Material and methods:
This review is based on a literature study of scientific journals and books from libraries and electronic sources such as SciFinder, ScienceDirect, Springer, PubMed, CNKI, Google Scholar, Baidu Scholar, and Web of Science. The literature in this review related to chemical constituents and pharmacological activities dates from 1922 to the end of October 2015. Furthermore, ethnopharmacological information on this genus was obtained from libraries and herbaria in China and USA.
Results:
In traditional medicine, 40 species, 11 subspecies, and one varieta of the genus Acer are known to exhibit a broad spectrum of biological activities. To date, 331 compounds have been identified from 34 species of the genus Acer, including flavonoids, tannins, phenylpropanoids, diarylheptanoids, terpenoids, benzoic acid derivatives, and several other types of compounds, such as phenylethanoid glycosides and alkaloids.
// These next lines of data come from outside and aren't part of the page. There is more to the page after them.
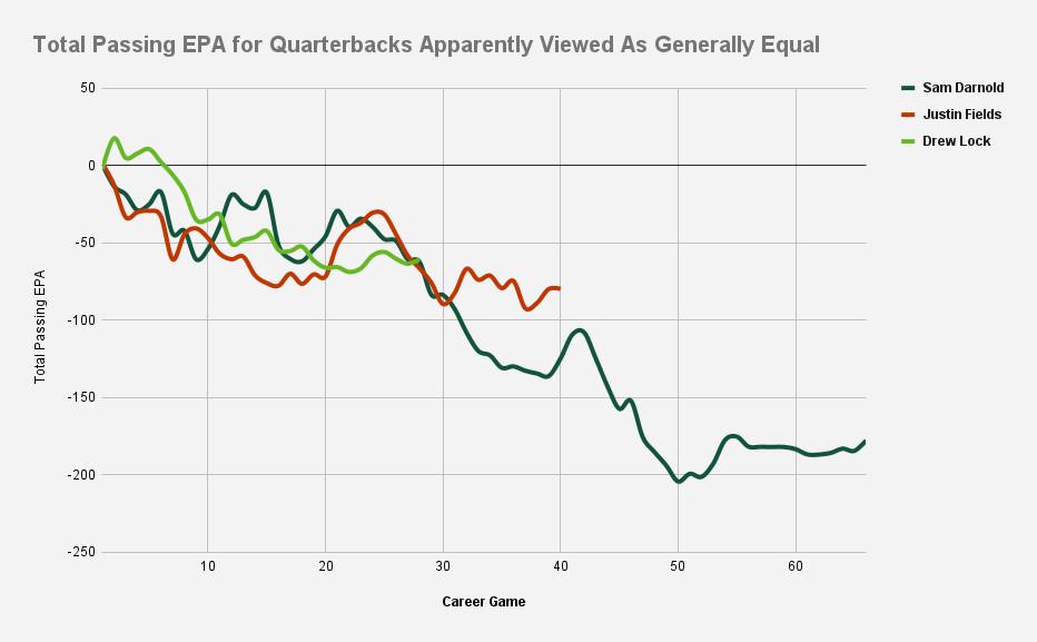 If we look at total passing expected points added, we see that Fields is better now than Darnold was at the same point in his career, as well as at this exact moment in time. Lock, who has far less experience, is about where Fields was at that time in his career—but remember, he’s already had two cracks at a starting job, and he may get a third this summer in a Giants camp competition with Daniel Jones.
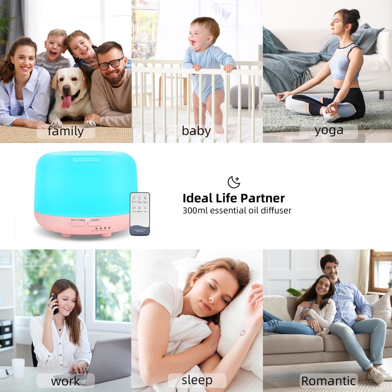 • 300ML Compact Size: Our essential oil diffuser uses ultrasonic technology,compact in size, making it easy to place on bedside tables in bedrooms, tables in rooms, and countertops in offices. Safe and convenient to use
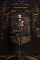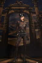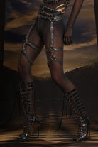 Take center stage with the Darcy Leather Strap Bottom—a bold statement piece that makes every move count. Inspired by Lady Gaga's signature breakthrough style, this bottom strap features adjustable faux leather straps that wrap around the waist, hips and thighs with precision. The open design shows off and accentuates your natural curves, while silver-tone hardware adds a hint of rebellious industrial style. Whether you pair it with a crop top, bodysuit or pasties, this piece will make your performance a memorable fashion moment.
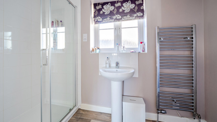 - Contemporary family bathroom with shower over bath & en-suite to master

Preliminary pharmacological studies have shown that the extracts and compounds isolated from this genus exhibit a broad spectrum of biological activities such as antioxidant, antitumor, anti-inflammatory, antidiabetic, hepatoprotective, and antiobesity activities, as well as promoting osteoblast differentiation. To date, reports on the toxicity of Acer species to humans are very limited, and the major safety concern of these plants is in the veterinary field.
Conclusions:
Based on our systematic review, Acer species can be used to treat rheumatism, hepatic disorders, eye disease, pain, etc. effectively. Some indications from ethnomedicine have been validated by pharmacological activities, such as the anti-inflammatory and hepatoprotective activities of the species. The available literature showed that most of the activities of these species can be attributed to flavonoids and tannins. To ensure the safety and efficacy in clinical practice in the future, studies identifying active molecules and clarifying their pharmacological mechanisms as well as toxicity are needed.